On en vient ensuite au problème de strucutre : le premier tiers n'est pas trop mal réussi du point de vue de la narration. Ca se goupille plutôt bien, sans grand heurt, c'est découpé en chapitres (un peu bizarre d'ailleurs pour un récit censément écrit "en live"), bon bon. Il y a même une chouette petite idée typographique qui consiste à mélanger le récit proprement dit et ce que Max a pu écrire dans son cahier pour utiliser son pouvoir, en italiques, ce qui crée des ruptures originales (un méta-niveau de diégèse pour parler snobement). Mais par la suite (au niveau du groupe de rock à peu près), la narration se délite totalement : on aura de moins en moins d'événements, de péripéties "en dur" pourrait-on dire, et de plus en plus de discours intérieur, des réflexions du personnage sur lui-même principalement. C'est le début d'une longue agonie discursive, de jolis mots empilés les uns sur les autres, de chapelets de métaphores aussi hasardeux qu'interminables. Tout ça ne crée pas de sens, ou si peu, et quand bien même, c'est une erreur de croire que c'est par le discours et la démonstration que l'on fait comprendre un sujet au lecteur. Le personnage et ce qui lui arrive sont déjà là pour servir de véhicule à l'idée. Bien vite, on se dit que cet énorme milieu de roman boursouflé n'existe que pour gonfler la longueur d'un texte qui est en fait une nouvelle. En passant péniblement la centaine de pages, peut-être 150 000 signes au maximum, l'auteur essaie de nous faire passer ça pour un roman, mais cela manque de souffle, clairement, et le subterfuge ne prend pas.

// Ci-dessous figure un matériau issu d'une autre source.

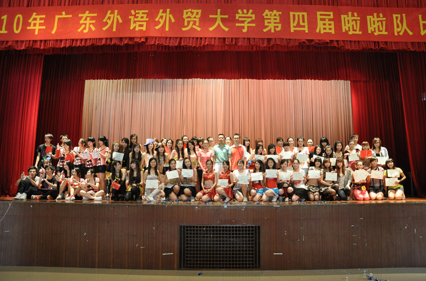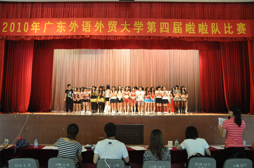 本网讯 6月10日下午,以“为亚运加油,为亚运喝彩”为主题的广东外语外贸大学第四届啦啦队比赛在南校区学生活动中心隆重举行。本次比赛由我校体育运动委员会主办,体育部承办,协办单位有我校健美操啦啦队协会以及各学院学生会体育部。体育部副主任丘乐威到场观看了比赛。本次比赛的评判长由我校健美操队教练、国家一级裁判员刘珺老师担任,国家一级运动员耿月、刘梦楠、孙粤思担任评分裁判。

Il aurait fallu un débordement de belles idées pour être convaincu par ce texte, mais elles n'y sont pas, laissant au sujet (un "malaise adolescent" inversé, qui se traduit par une sensation de toute-puissance) la responsabilité de tenir l'oeuvre à lui tout seul. La dimension émotionnelle, et avec elle "l'ambiance" voulue morbide et tortueuse, est déstabilisée, on l'a vu, par un traitement technique trop léger. À mon sens, et ce n'est qu'une impression, ce texte gagnerait à devenir une nouvelle, à subir une coupe franche en plein centre, et à être stylistiquement ciselé pour commencer à ressembler à quelque chose. L'investissement de l'auteur, évident et honorable, n'est pas une condition suffisante.